The context of the TPNW
A dominant narrative of 2021 was increased competition between major powers, centred on new weapons systems and regional hotspots and with clear risks of escalation to nuclear war. There was also increasing engagement with the Treaty on the Prohibition of Nuclear Weapons (TPNW), which has been mobilized as a vehicle for collective resistance to the structures of power that perpetuate the existence of nuclear weapons and the risk of nuclear violence.

As the 2021 edition of the Nuclear Weapons Ban Monitor was being prepared for print in March 2022, Russia had launched a devastating invasion of Ukraine only to meet fierce resistance. In order to try and deter direct NATO military involvement in the conflict, President Vladimir Putin had issued threats to use nuclear weapons and ordered Russian nuclear forces to be placed in a ‘special regime of combat duty’, raising the risk of deliberate or inadvertent escalation to nuclear war. The war in Ukraine is yet another stark reminder of the profound dangers of living in a world in which powerful states insist their security must rest on capacity for massive and indiscriminate nuclear violence. We have ended up trusting to luck rather than the supposed stabilizing effects of nuclear deterrence.

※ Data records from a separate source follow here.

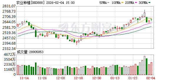 华泰证券研报指出,从估值位置看,截至2025Q4,农业/种植业板块基金持仓占比1.18%/0.07%,分别处于近五年分位数的8%/12%,处于低配状态,从催化因素看,1月至今,布伦特原油期货价格上涨约16%,伴随国内核心通胀指标2025H2延续修复趋势,通胀预期有所提升,且复盘来看种植链在通胀周期超额收益明显,虽然当前全球粮食库存仍处消化阶段,但国内玉米、棉花价格2025年至今已呈现波动上行趋势,当前时点建议加强对种植产业链的配置。
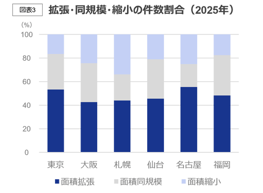 2025年における拡張・縮小移転の件数割合は、いずれの都市も拡張移転が4割以上を占めている。縮小移転も一定程度あるものの、新築・築浅ビルへの移転に際して、面積を縮小させながら、総コストを抑える前向きな移転が散見される。テナントの移転に向けた動きは、全般的に活発な状況が続いている。
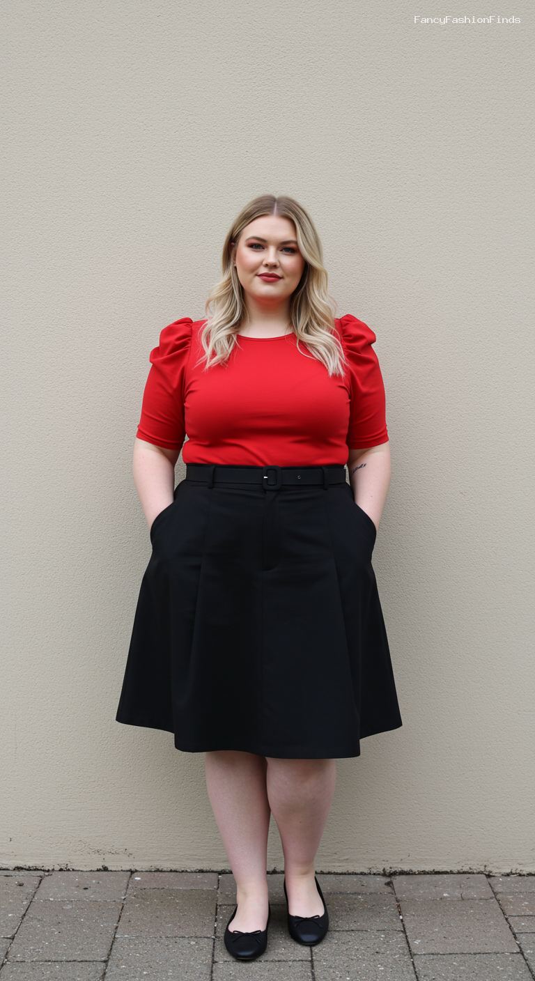 Perfect for a smart casual office environment or a relaxed weekend brunch, this outfit combines a vibrant red top with playful puffed sleeves and a classic black A-line skirt. The structured skirt, cinched with a matching black belt, beautifully balances the top’s volume, creating a flattering silhouette for various body types, especially those seeking to emphasize the waist. Black ballet flats complete the ensemble, offering both comfort and understated elegance for an effortlessly put-together appearance.
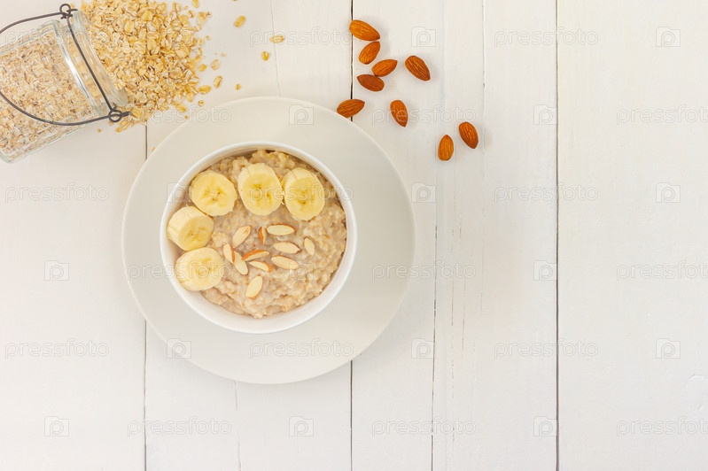 Вид сверху на миску овсяных хлопьев с нарезанным бананом крупным планом на деревянном столе
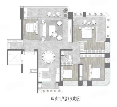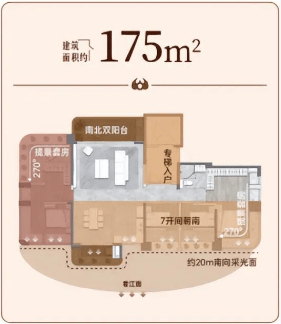 如果您追求更宽敞的居住空间和更极致的生活体验,那么175㎡四房户型绝对不容错过。这款户型的亮点鲜明,七开间朝南的罕见设计,搭配约20米的南向采光面,让阳光毫无保留地倾泻入室,整个屋子明亮通透,温暖如春。双阳台的设计巧妙实现了生活与景观的分离,一个用于晾晒衣物,保持整洁;另一个连接客厅,作为观景休闲的延伸空间,尽享江景风光。双套房布局更是满足了家人独立居住的需求,主卧和长辈房均配备独立卫生间,互不干扰,尊重彼此的生活习惯。南北对流的格局让室内空气时刻流通,清新自然,即使在炎热的夏季也能感受到丝丝凉意。客厅开间大气,足以容纳大型沙发和娱乐设施,是家庭聚会的核心区域。餐厅与厨房相邻,方便传菜和互动。四个卧室分布合理,动静分区明确,保证了休息的安宁。无论是二胎家庭还是三代同堂,这款户型都能轻松应对,提供充裕的生活空间。在这里,生活的尺度被重新定义,每一个日子都充满了阳光与欢笑,每一次相聚都显得格外珍贵。
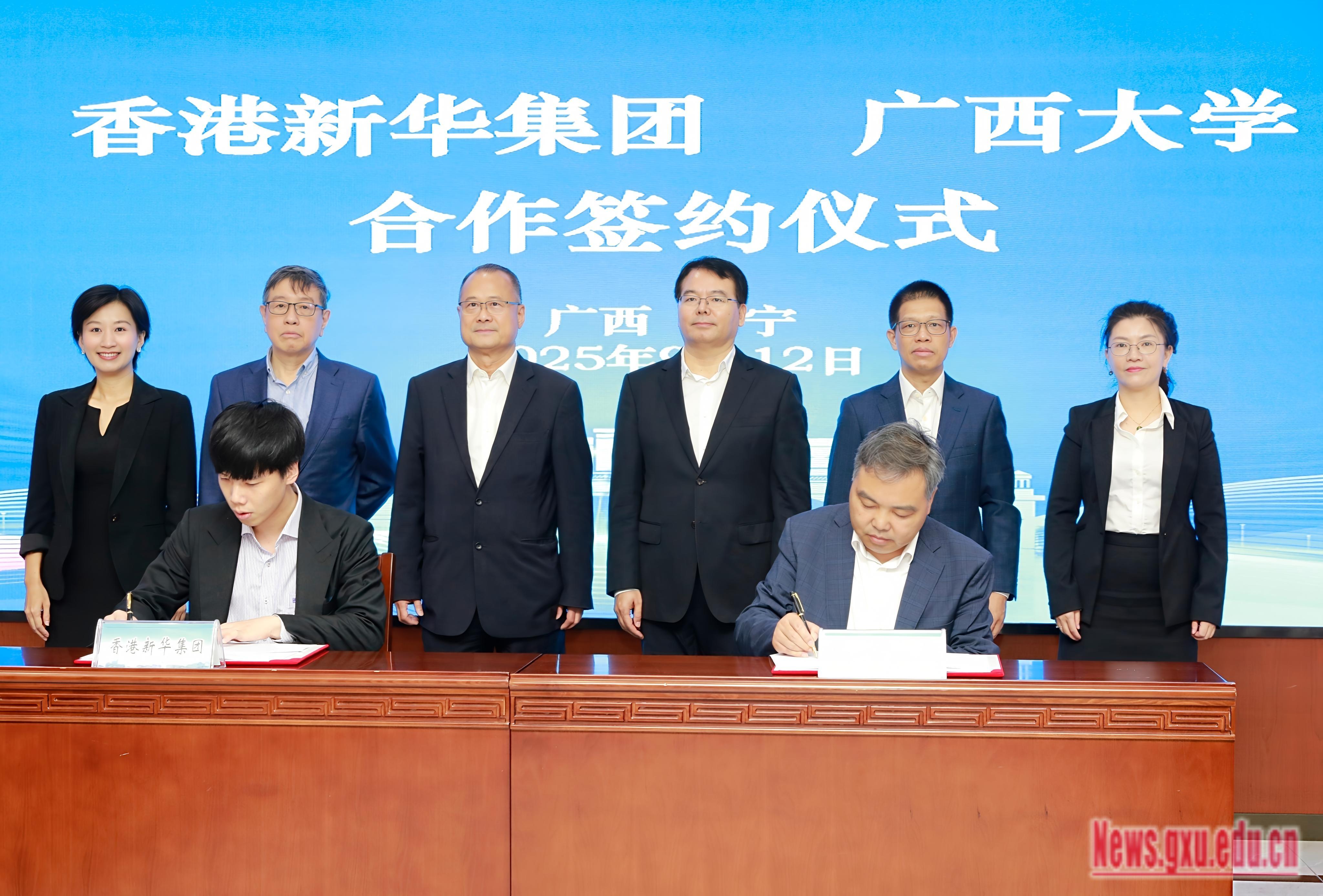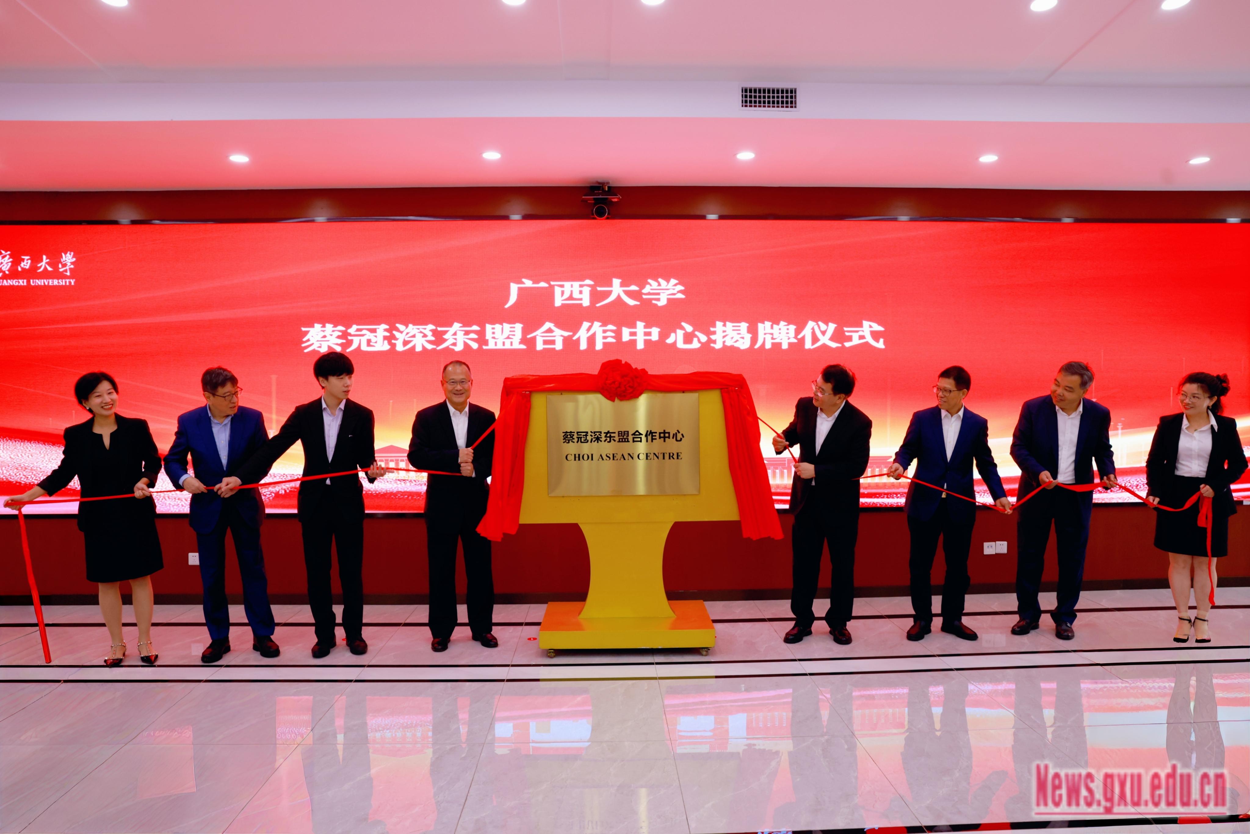 Following the meeting, Xiao Jianzhuang and Cai Zhuosi, Executive Vice Chairman of the Guangdong-Hong Kong-Macao Bay Area Entrepreneurs Alliance and Southeast Asia Regional President of SunWah Group, signed the "Cooperation Agreement between SunWah Group and Guangxi University" on behalf of both parties. Jonathan Choi Koon Shum and Li Guozhong witnessed the signing ceremony and unveiled the plaque for the "Jonathan Choi ASEAN Cooperation Center" at Guangxi University.

Only weeks earlier, on 3 January 2022, the five permanent — and nuclear-armed — members of the United Nations Security Council (P5) issued a restatement of the Reagan-Gorbachev declaration that a nuclear war ‘cannot be won and must never be fought’. Yet, their reliance on nuclear deterrence means these very same states are continuously preparing to fight, and try and win, nuclear wars. The year 2021 also saw deepening confrontation not only between Russia and the United States and its allies in the North Atlantic Treaty Organization (NATO), but also between China and the United States and its allies in Asia and Europe. In addition, there were rising tensions between China and another nuclear-armed state, India. The year was peppered with military preparations for armed conflict, in Ukraine and other hotspots such as Taiwan and Ladakh. The shadow of nuclear violence hangs over all of these conflicts because they create plausible pathways for escalation in which control of a crisis could slip away from political and military leaderships.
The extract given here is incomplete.